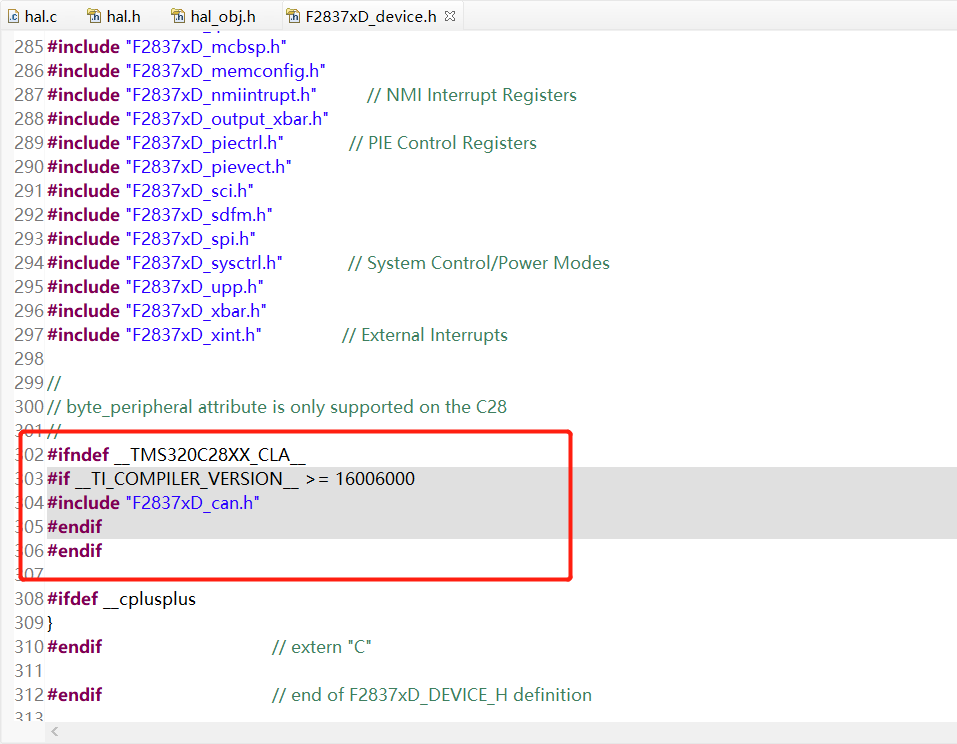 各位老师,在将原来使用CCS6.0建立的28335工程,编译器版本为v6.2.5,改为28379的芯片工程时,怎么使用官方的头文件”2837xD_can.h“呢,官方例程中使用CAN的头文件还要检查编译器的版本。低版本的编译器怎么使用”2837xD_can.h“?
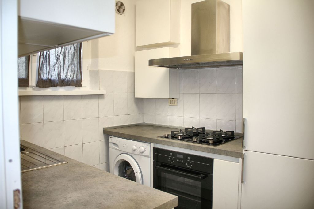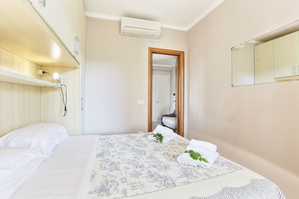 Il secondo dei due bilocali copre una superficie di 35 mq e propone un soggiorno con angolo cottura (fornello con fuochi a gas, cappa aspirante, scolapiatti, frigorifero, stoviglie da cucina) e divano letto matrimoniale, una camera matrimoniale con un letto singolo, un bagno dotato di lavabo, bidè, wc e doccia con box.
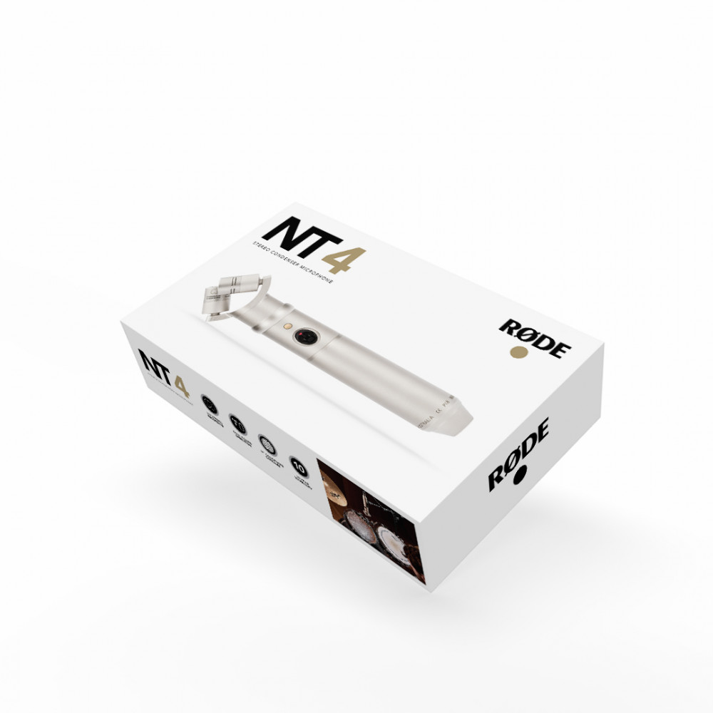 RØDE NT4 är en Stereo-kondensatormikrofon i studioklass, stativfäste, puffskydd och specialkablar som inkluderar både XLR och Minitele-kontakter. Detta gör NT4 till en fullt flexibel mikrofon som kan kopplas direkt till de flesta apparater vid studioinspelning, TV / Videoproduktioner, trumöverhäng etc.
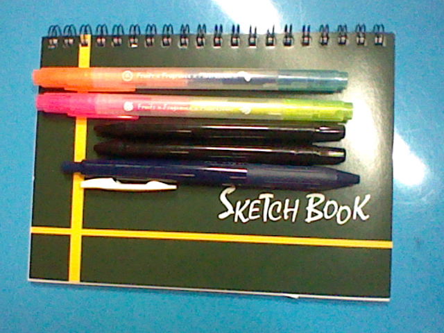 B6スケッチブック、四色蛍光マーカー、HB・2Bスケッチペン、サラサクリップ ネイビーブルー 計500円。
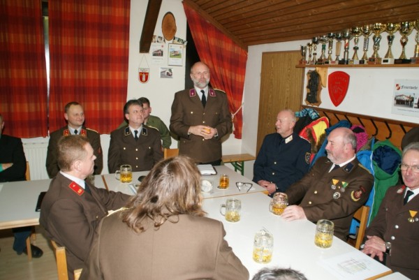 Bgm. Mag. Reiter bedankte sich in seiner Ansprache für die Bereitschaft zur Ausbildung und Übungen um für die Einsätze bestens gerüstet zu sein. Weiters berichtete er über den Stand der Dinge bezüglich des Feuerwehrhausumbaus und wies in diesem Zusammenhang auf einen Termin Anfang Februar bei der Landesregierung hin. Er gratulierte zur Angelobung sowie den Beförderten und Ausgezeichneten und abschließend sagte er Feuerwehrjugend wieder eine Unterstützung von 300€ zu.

■ ■ ■

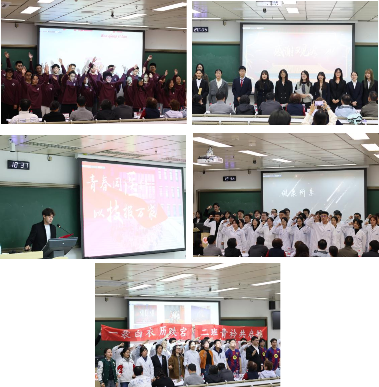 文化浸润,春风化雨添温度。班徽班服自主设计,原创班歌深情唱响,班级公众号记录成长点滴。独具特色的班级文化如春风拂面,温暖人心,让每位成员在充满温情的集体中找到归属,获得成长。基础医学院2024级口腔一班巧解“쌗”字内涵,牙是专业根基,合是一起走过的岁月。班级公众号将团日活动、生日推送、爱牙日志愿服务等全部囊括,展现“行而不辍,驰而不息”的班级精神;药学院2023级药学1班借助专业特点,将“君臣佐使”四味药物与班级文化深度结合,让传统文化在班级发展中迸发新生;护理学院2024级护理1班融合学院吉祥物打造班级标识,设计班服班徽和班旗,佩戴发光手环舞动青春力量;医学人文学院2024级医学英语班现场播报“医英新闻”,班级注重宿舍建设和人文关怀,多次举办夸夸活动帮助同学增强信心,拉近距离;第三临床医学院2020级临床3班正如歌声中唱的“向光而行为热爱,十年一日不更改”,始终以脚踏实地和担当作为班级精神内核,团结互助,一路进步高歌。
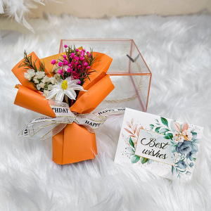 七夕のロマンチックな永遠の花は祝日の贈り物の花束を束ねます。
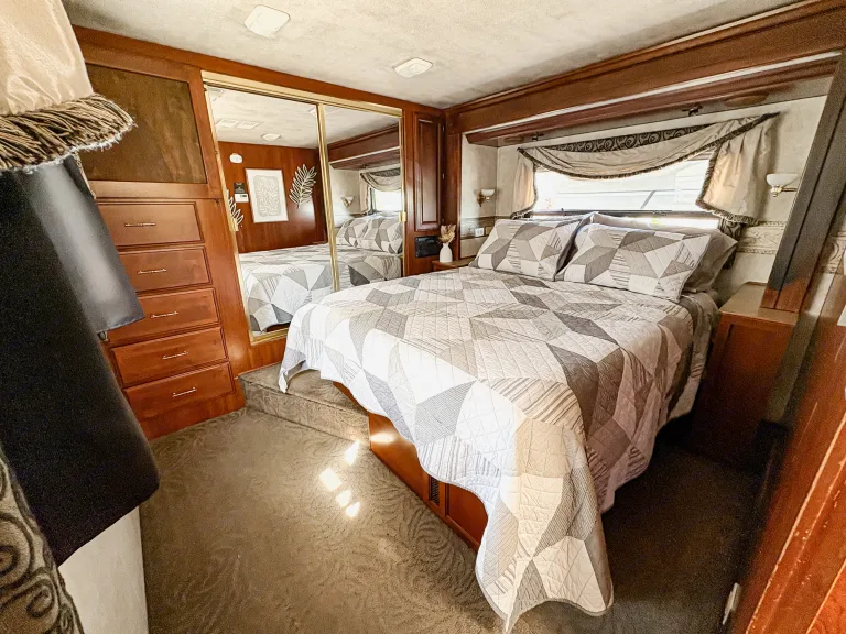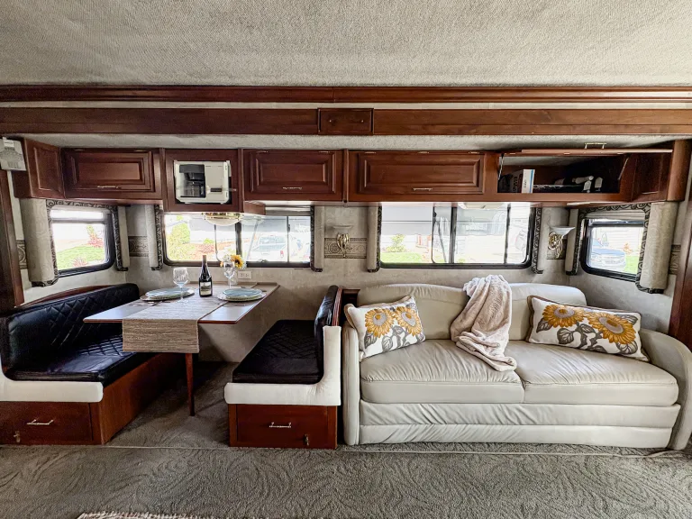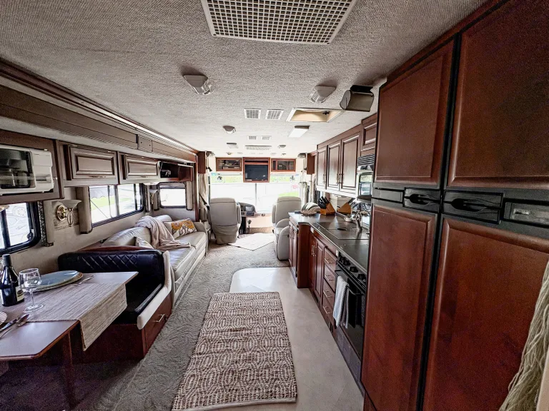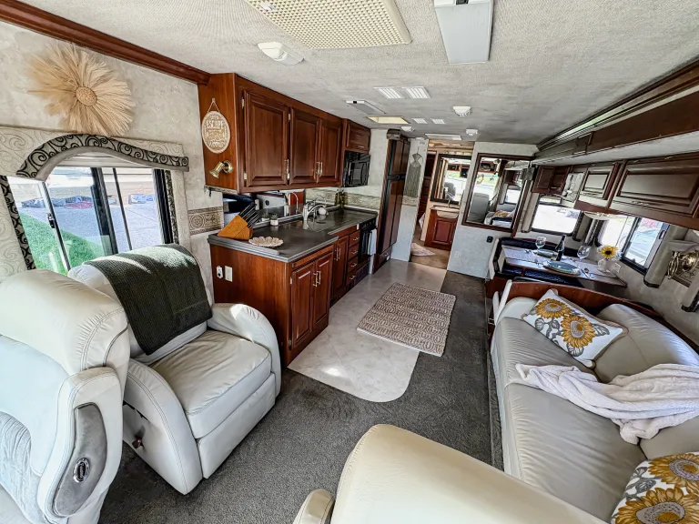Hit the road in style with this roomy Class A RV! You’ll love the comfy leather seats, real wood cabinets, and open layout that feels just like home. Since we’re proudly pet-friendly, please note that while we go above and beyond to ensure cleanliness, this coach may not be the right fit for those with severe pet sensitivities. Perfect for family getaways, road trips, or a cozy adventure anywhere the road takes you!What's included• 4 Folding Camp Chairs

■ ■ ■

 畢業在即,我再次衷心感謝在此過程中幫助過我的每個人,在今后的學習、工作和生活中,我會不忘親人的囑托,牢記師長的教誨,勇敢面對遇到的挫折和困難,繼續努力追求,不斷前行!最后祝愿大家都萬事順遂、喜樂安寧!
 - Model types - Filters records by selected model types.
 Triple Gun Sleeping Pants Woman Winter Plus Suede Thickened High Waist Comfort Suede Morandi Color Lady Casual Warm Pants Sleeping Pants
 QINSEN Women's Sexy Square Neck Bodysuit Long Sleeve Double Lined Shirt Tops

■ ■ ■

(Exercise objective): Above are the records; copy from them only the lines starting at the one containing "七夕のロマンチックな永遠の花は祝日の贈り物の花束を束ねます。" and ending at the one containing "Hit the road", exactly and without pictures.

(Written solution):
 七夕のロマンチックな永遠の花は祝日の贈り物の花束を束ねます。
Hit the road in style with this roomy Class A RV! You’ll love the comfy leather seats, real wood cabinets, and open layout that feels just like home. Since we’re proudly pet-friendly, please note that while we go above and beyond to ensure cleanliness, this coach may not be the right fit for those with severe pet sensitivities. Perfect for family getaways, road trips, or a cozy adventure anywhere the road takes you!What's included• 4 Folding Camp Chairs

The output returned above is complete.